Семьдесят два градуса ниже нуля. Роман, повести (СИ) - Санин Владимир Маркович. Страница 118
Расследование показало, что всю зимовку Осокин действительно безвыездно находился на Четырёхстолбовом и в августе того года оказаться в Ленинграде никак не мог. Так что навязчивая идея Филатова возникла из-за случайного внешнего сходства двух людей.
Сильно избитый, еле ворочающий в разбитом рту языком, Осокин не отрицал сказанного, утверждая, однако, что Филатов своим воспалённым воображением придал его словам совсем другой смысл. В это утверждение никто не поверил, и общественное мнение явно склонилось на сторону Филатова, ибо всякие намёки на легкомыслие оставленных дома жён полярники воспринимают крайне болезненно. Конечно, решило общественное мнение, Филатов переборщил, но любой другой на его месте тоже бы не сдержался.
Семёнов всё-таки хотел влепить по строгачу обоим, но Филатов уже видел, что расследование явно произвело на начальника впечатление, и весело предложил:
— Сергей Николаевич, давайте меняться: мордобой на мордобой. Помните, на Востоке вы приложились к моей физиономии?

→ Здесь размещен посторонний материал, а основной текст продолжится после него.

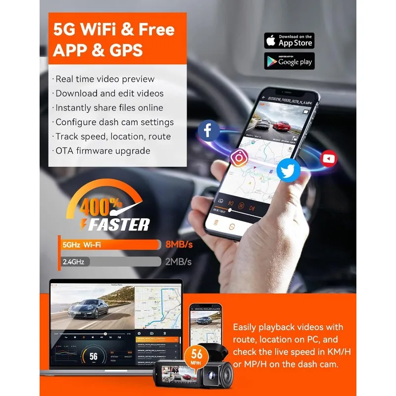 [ترقية 5G WiFi & GPS & OTA] مع 5G WiFi ووحدة GPS ثنائية النظام، تتميز كاميرا لوحة القيادة ذات العدسات الأربع هذه بسرعة نقل أسرع 4 مرات ووظيفة تحديد المواقع الأكثر دقة. تتيح لك ضبط الإعدادات والمعاينة والتحرير والمشاركة عبر الإنترنت وتتبع الموقع والسرعة المباشرة بالكيلومتر/الساعة أو الميل/الساعة والطريق عبر تطبيق Vantrue المجاني. بنقرة واحدة لتنزيل تقارير تحليل الأميال التي تعمل كدليل حاسم بعد حوادث الطريق. تمكنك ترقية OTA من تحديث إصدار البرنامج الثابت مباشرةً عبر التطبيق. سهل وفعال.

— Хитёр ты, Веня. Тогда было за дело.
— Ну, Осокин тоже получил не за красивые глаза. Так махнём, не глядя?
— Меняйся, Николаич, — посоветовал Бармин, — другого такого случая не будет. Надёжно, выгодно, удобно.
Так что гроза, собравшаяся было над головой Филатова, пронеслась стороной, и из этой истории он вышел, так сказать, без особых моральных издержек.
С Осокиным же дело обстояло по-иному. Человек он, в общем, был и не очень плохой и не очень хороший — обыкновенный. В первых не ходил, но и сильно не оступался, профессией своей владел, а если и была в нём гнильца, то глубоко запрятанная и даже на пристальный взгляд неразличимая.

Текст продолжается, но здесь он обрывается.